(Data shown begins)

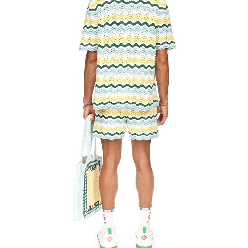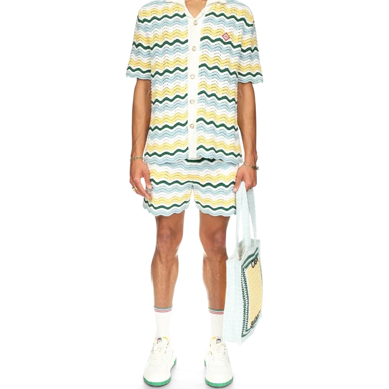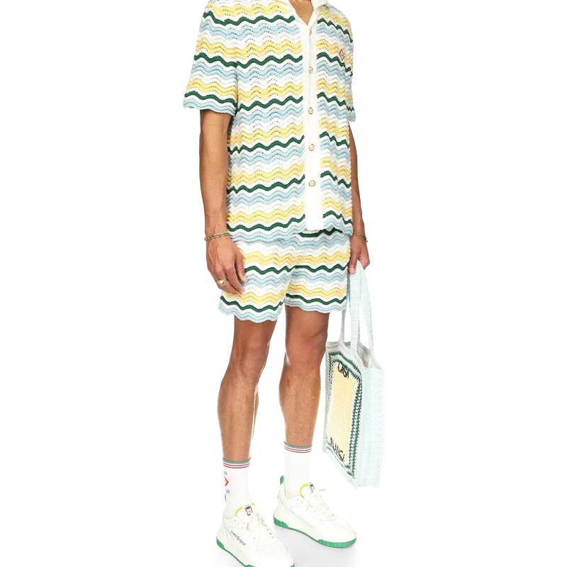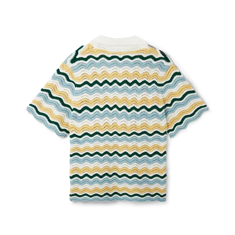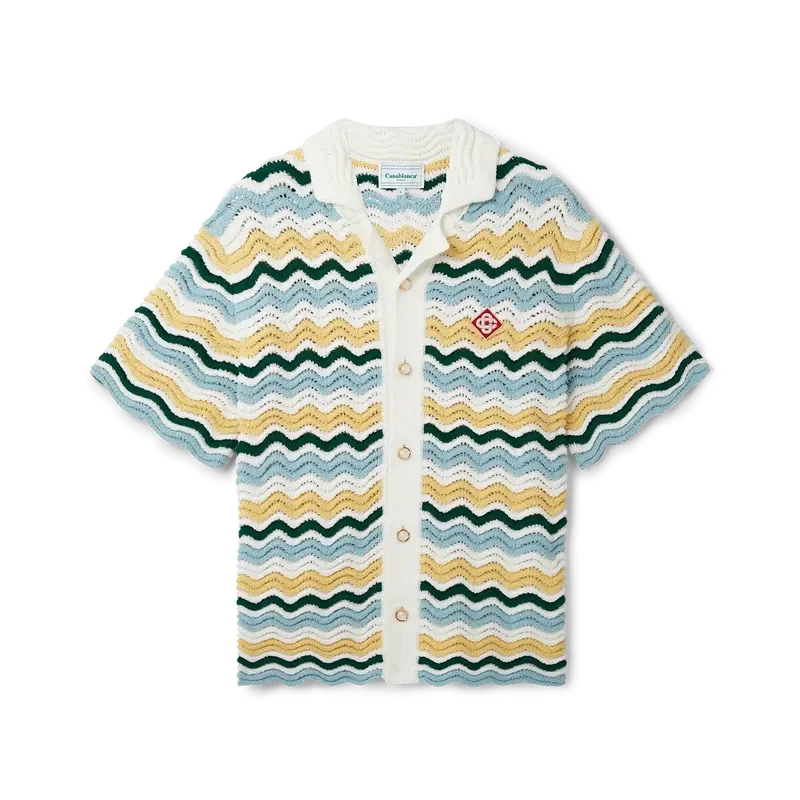 Das Wavy Boucle Hemd ist ein typisches Casablanca-Modell aus einem weichen, strukturierten, offen gewebten Häkelstoff. Mit unserem charakteristischen goldenen Perlenknopfverschluss, offenem Kragen, kurzen Ärmeln und dem Casablanca Paris-Markenlabel – entworfen, um zu klassischen Passformen getragen zu werden.
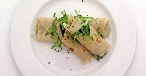 Ligeras crepes rellenas con puré de berenjenas y queso fresco.
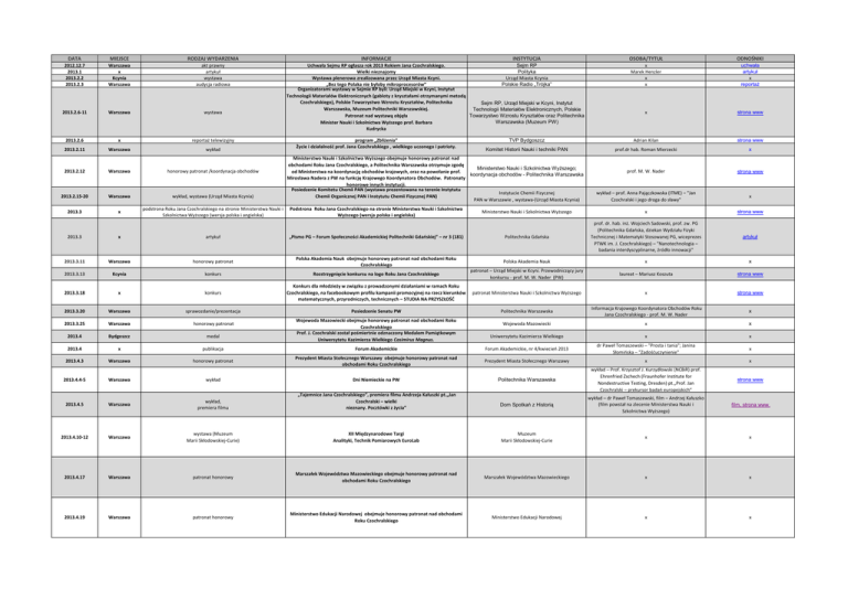 DATA MIEJSCE RODZAJ WYDARZENIA 2012.12.7 2013.1 2013.2.2 2013.2.3 Warszawa x Kcynia Warszawa akt prawny artykuł wystawa audycja radiowa 2013.2.6-11 Warszawa wystawa 2013.2.6 x reportaż telewizyjny 2013.2.11 Warszawa wykład 2013.2.12 Warszawa honorowy patronat /koordynacja obchodów 2013.2.15-20 Warszawa wykład, wystawa (Urząd Miasta Kcynia) x podstrona Roku Jana Czochralskiego na stronie Ministerstwa Nauki i Szkolnictwa Wyższego (wersja polska i angielska) 2013.3 INFORMACJE INSTYTUCJA OSOBA/TYTUŁ ODNOŚNIKI x Marek Henzler x x uchwała artykuł x reportaż x strona www TVP Bydgoszcz Adrian Kilan strona www Komitet Historii Nauki i techniki PAN prof.dr hab. Roman Mierzecki x prof. M. W. Nader strona www wykład – prof. Anna Pajączkowska (ITME) – "Jan Czochralski i jego droga do sławy" x Ministerstwo Nauki i Szkolnictwa Wyższego x strona www Politechnika Gdańska prof. dr. hab. inż. Wojciech Sadowski, prof. zw. PG (Politechnika Gdańska, dziekan Wydziału Fizyki Technicznej i Matematyki Stosowanej PG, wiceprezes PTWK im. J. Czochralskiego) – "Nanotechnologia – badania interdyscyplinarne, źródło innowacji" artykuł Uchwała Sejmu RP ogłasza rok 2013 Rokiem Jana Czochralskiego. Sejm RP Wielki nieznajomy Polityka Wystawa plenerowa zrealizowana przez Urząd Miasta Kcyni. Urząd Miasta Kcynia „Bez tego Polaka nie byłoby mikroprocesorów” Polskie Radio „Trójka” Organizatorami wystawy w Sejmie RP byli: Urząd Miejski w Kcyni, Instytut Technologii Materiałów Elektronicznych (gabloty z kryształami otrzymanymi metodą Czochralskiego), Polskie Towarzystwo Wzrostu Kryształów, Politechnika Sejm RP, Urząd Miejski w Kcyni, Instytut Warszawska, Muzeum Politechniki Warszawskiej. Technologii Materiałów Elektronicznych, Polskie Towarzystwo Wzrostu Kryształów oraz Politechnika Patronat nad wystawą objęła Warszawska (Muzeum PW) Minister Nauki i Szkolnictwa Wyższego prof. Barbara Kudrycka program „Zbliżenia” Życie i działalność prof. Jana Czochralskiego , wielkiego uczonego i patrioty. Ministerstwo Nauki i Szkolnictwa Wyższego obejmuje honorowy patronat nad obchodami Roku Jana Czochralskiego, a Politechnika Warszawska otrzymuje zgodę Ministerstwo Nauki i Szkolnictwa Wyższego; od Ministerstwa na koordynację obchodów krajowych, oraz na powołanie prof. koordynacja obchodów - Politechnika Warszawska Mirosława Nadera z PW na funkcję Krajowego Koordynatora Obchodów. Patronaty honorowe innych instytucji. Posiedzenie Komitetu Chemii PAN (wystawa prezentowana na terenie Instytutu Instytucie Chemii Fizycznej Chemii Organicznej PAN i Instytutu Chemii Fizycznej PAN) PAN w Warszawie , wystawa-(Urząd Miasta Kcynia) Podstrona Roku Jana Czochralskiego na stronie Ministerstwa Nauki i Szkolnictwa Wyższego (wersja polska i angielska) 2013.3 x artykuł „Pismo PG – Forum Społeczności Akademickiej Politechniki Gdańskiej” – nr 3 (181) 2013.3.11 Warszawa honorowy patronat Polska Akademia Nauk obejmuje honorowy patronat nad obchodami Roku Czochralskiego Polska Akademia Nauk x x 2013.3.13 Kcynia konkurs Rozstrzygnięcie konkursu na logo Roku Jana Czochralskiego patronat – Urząd Miejski w Kcyni. Przewodniczący jury konkursu - prof. M. W. Nader (PW) laureat – Mariusz Koszuta strona www 2013.3.18 x konkurs Konkurs dla młodzieży w związku z prowadzonymi działaniami w ramach Roku Czochralskiego, na facebookowym profilu kampanii promocyjnej na rzecz kierunków matematycznych, przyrodniczych, technicznych – STUDIA NA PRZYSZŁOŚĆ patronat Ministerstwa Nauki i Szkolnictwa Wyższego x strona www 2013.3.20 Warszawa sprawozdanie/prezentacja Posiedzenie Senatu PW Politechnika Warszawska Informacja Krajowego Koordynatora Obchodów Roku Jana Czochralskiego - prof. M. W. Nader x 2013.3.25 Warszawa honorowy patronat Wojewoda Mazowiecki x x 2013.4 Bydgoszcz medal Uniwersytetu Kazimierza Wielkiego x x 2013.4 x publikacja Forum Akademickie Forum Akademickie, nr 4/kwiecień 2013 dr Paweł Tomaszewski – "Prosta i tania"; Janina Słomińska – "Zadośćuczynienie" x 2013.4.3 Warszawa honorowy patronat Prezydent Miasta Stołecznego Warszawy obejmuje honorowy patronat nad obchodami Roku Czochralskiego Prezydent Miasta Stołecznego Warszawy x x Politechnika Warszawska wykład – Prof. Krzysztof J. Kurzydłowski (NCBiR) prof. Ehrenfried Zschech (Fraunhofer Institute for Nondestructive Testing, Dresden) pt.„Prof. Jan Czochralski – prekursor badań europejskich” strona www Dom Spotkań z Historią wykład – dr Paweł Tomaszewski, film – Andrzej Kałuszko (film powstał na zlecenie Ministerstwa Nauki i Szkolnictwa Wyższego) film, strona www. Wojewoda Mazowiecki obejmuje honorowy patronat nad obchodami Roku Czochralskiego Prof. J. Czochralski został pośmiertnie odznaczony Medalem Pamiątkowym Uniwersytetu Kazimierza Wielkiego Casimirus Magnus. 2013.4.4-5 Warszawa wykład Dni Niemieckie na PW 2013.4.5 Warszawa wykład, premiera filmu „Tajemnice Jana Czochralskiego”, premiera filmu Andrzeja Kałuszki pt.„Jan Czochralski – wielki nieznany. Pocztówki z życia” 2013.4.10-12 Warszawa wystawa (Muzeum Marii Skłodowskiej-Curie) XII Międzynarodowe Targi Analityki, Technik Pomiarowych EuroLab Muzeum Marii Skłodowskiej-Curie x x 2013.4.17 Warszawa patronat honorowy Marszałek Województwa Mazowieckiego obejmuje honorowy patronat nad obchodami Roku Czochralskiego Marszałek Województwa Mazowieckiego x x 2013.4.19 Warszawa patronat honorowy Ministerstwo Edukacji Narodowej obejmuje honorowy patronat nad obchodami Roku Czochralskiego Ministerstwo Edukacji Narodowej x x Wystawa 60 ROCZNICA ŚMIERCI PROF. JANA CZOCHRALSKIEGO. Na wystawie prezentowane były materiały będące w posiadaniu Muzeum PW i Biblioteki Głównej PW, materiały prof. M. W. Nadera, jak również wystawa planszowa będąca własnością Urzędu Miasta Kcyni. Na stanowisku multimedialnym zaprezentowano dwa filmy "Jan Czochralski Wielki Nieznany. Pocztówki z życia" w reż. Andrzeja Kałusz
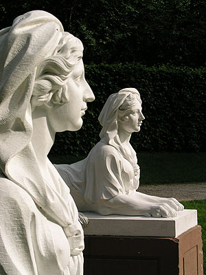 Drei Paare von Sphingen rahmen die drei Zugänge vom Oberen Umgang zum Zuschauerparkett ein. Sie stellen die vier Schauspielkünste sowie Wissenschaft und Macht dar. Ihre Gesichter sind individuell und sehr realistisch gestaltet. Wer Modell saß, ist unbekannt.
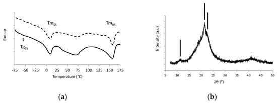 Differential scanning calorimetry (DSC) analysis was performed with a TA Instruments Q200 (Waters Corporation, Milford, MA, USA) apparatus under helium atmosphere at a scanning rate of 10 °C/min from −80 °C to 180 °C. Two scans were successively recorded with intermediate cooling at 10 °C/min. The uncertainty on the characteristic transition temperatures was ±1 °C, and the uncertainty on the enthalpy values was 5%.
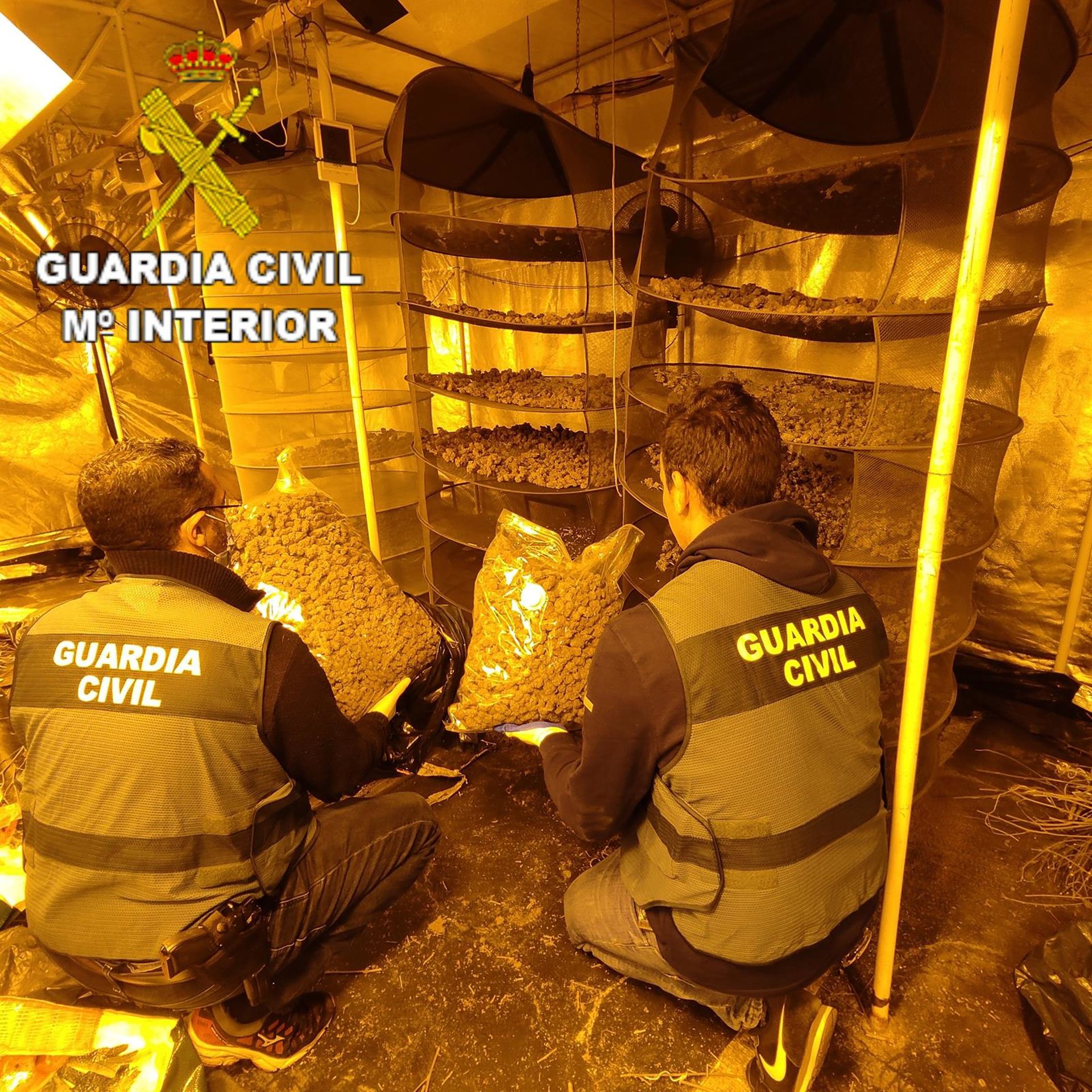 En total, la Guardia Civil ha incautado 25.000 gramos de cogollos secos de marihuana, así como diferentes efectos utilizados para el desarrollo y crecimiento de las plantas, entre ellos cuatro aires acondicionados, 101 balastros de potencia, cinco extractores, 28 ventiladores, 72 lámparas y portalámparas de cultivo y ocho estufas de calor. Además, han comprobado que el garaje-almacén presentaba un enganche ilegal a la red eléctrica.
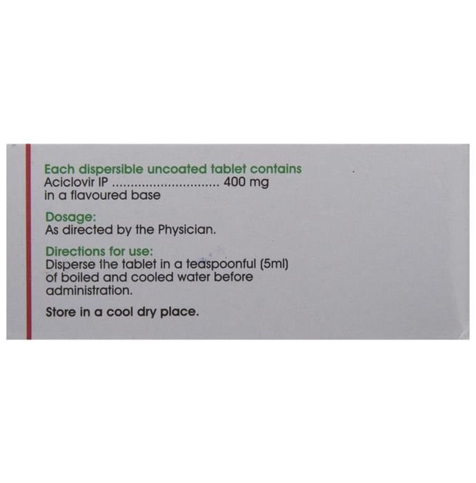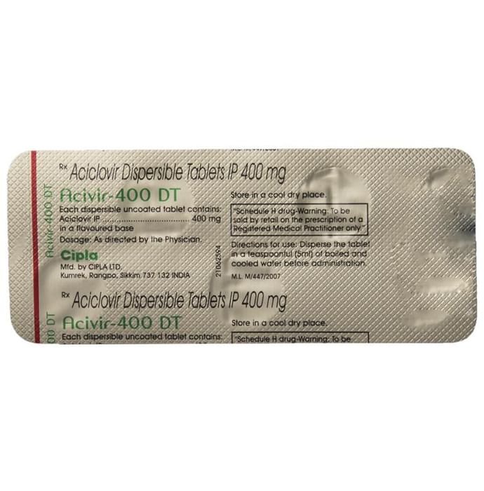 Take this medicine in the dose and duration as advised by your doctor. Dissolve it in a glass of water before taking it. Acivir 400 DT Tablet may be taken with or without food, but it is better to take it at a fixed time.

(Data shown ends)

**What you need to do:**
Without the pictures, retype exactly the lines from the one that holds "En total, la" to the last line of the data above, both of them included.

**Answer section:**
 En total, la Guardia Civil ha incautado 25.000 gramos de cogollos secos de marihuana, así como diferentes efectos utilizados para el desarrollo y crecimiento de las plantas, entre ellos cuatro aires acondicionados, 101 balastros de potencia, cinco extractores, 28 ventiladores, 72 lámparas y portalámparas de cultivo y ocho estufas de calor. Además, han comprobado que el garaje-almacén presentaba un enganche ilegal a la red eléctrica.
 Take this medicine in the dose and duration as advised by your doctor. Dissolve it in a glass of water before taking it. Acivir 400 DT Tablet may be taken with or without food, but it is better to take it at a fixed time.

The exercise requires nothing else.